Omooba, who father Ade Omooba, above, co-founder of Christian Concern,  now faces a cost order of £259,356 for Curve’s bills and £53,839 for Global’s costs, totalling £313,195. Both sums are subject to “detailed assessment” by the tribunal, meaning a judge will inspect the details of the amounts submitted.

Last month, Omooba lost a two-year legal battle against Curve and Global after she was dismissed from a production of The Color Purple in 2019, and later dropped by the agency for her homophobic comments on social media. On Facebook Omooba claimed that homosexuality was not “right” and that she did not believe that people could be born gay.

The judgement agreed with both respondents’ arguments that Omooba’s claims had:

No reasonable prospects of success.

At a hearing held on March 18, which Omooba herself did not attend, Curve’s representative Tom Coghlin QC described the litigation as a “hopeless claim” that should never have been brought to tribunal. He said Omooba and her advisers had wanted to:

Pursue a point of principle in a public forum.

The tribunal’s ruling said Christian Legal Centre was “deeply invested in both bringing the claim and in continuing with it”, and that while there was nothing wrong in publicising cases because of their social issues:

It is however wrong to promote and use a weak case …

The theatre and the agency, in facing allegations of unlawful discrimination, risked their good reputations in the theatre world, and [Curve] was especially at risk when dependent on public funds. Using the case as a publicity opportunity, rather than fighting it on its merits to redress wrong, transferred Christian Concern’s public relations budget to the respondents.

The tribunal concluded that the “threshold tests were met” as to the claims having no reasonable prospect of success, and that Omooba:

Should bear the whole cost of the respondents’ defence, subject to detailed assessment by a costs-trained judge of the amounts claimed.

When costs exceed £20,000, it is common practice for the tribunal to make an order for a detailed assessment of the bills.

Stafford and Foster’s statement said:

Unfortunately, Curve, Global Artists and the tribunal process have been used as part of a wider campaign orchestrated by Christian Concern which has resulted in significant human and financial cost, and we have had to suffer inaccurate and false reporting on this case by Seyi Omooba’s own representatives.

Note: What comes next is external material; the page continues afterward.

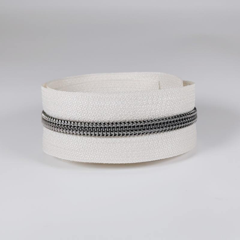 Fermeture éclair à glissière ouverte en nylon de luxe avec dents en PET, rouleau de 200 m, écologique, blanc, accessoires pour sacs, certifié CTI/GRS/REACH/SVHS

During the hearing it was revealed that Omooba’s legal team did not provide any evidence as to her ability to pay, as requested by Curve and Global’s representatives.

The ruling said it believed:

From the number of cases that [CLC] have supported, and the range of services offered, that there are substantial resources or access to them.

The ruling acknowledges that, unlike in civil courts, the “normal” procedure for employment tribunals is that both sides pay their own costs, and there is no automatic expectation for the losing side to pay the costs of the other, except when a claim has no reasonable prospect of success and/or when a party has acted:

Abusively, destructively or otherwise unreasonably.

So far Christian Concern, which has no fewer than nine reports about the case, has yet to comment on this latest setback.

Stand by for shrieks of outrage and appeals for funds from Christian Concern’s other big-wig, Andrea Minichiello Williams.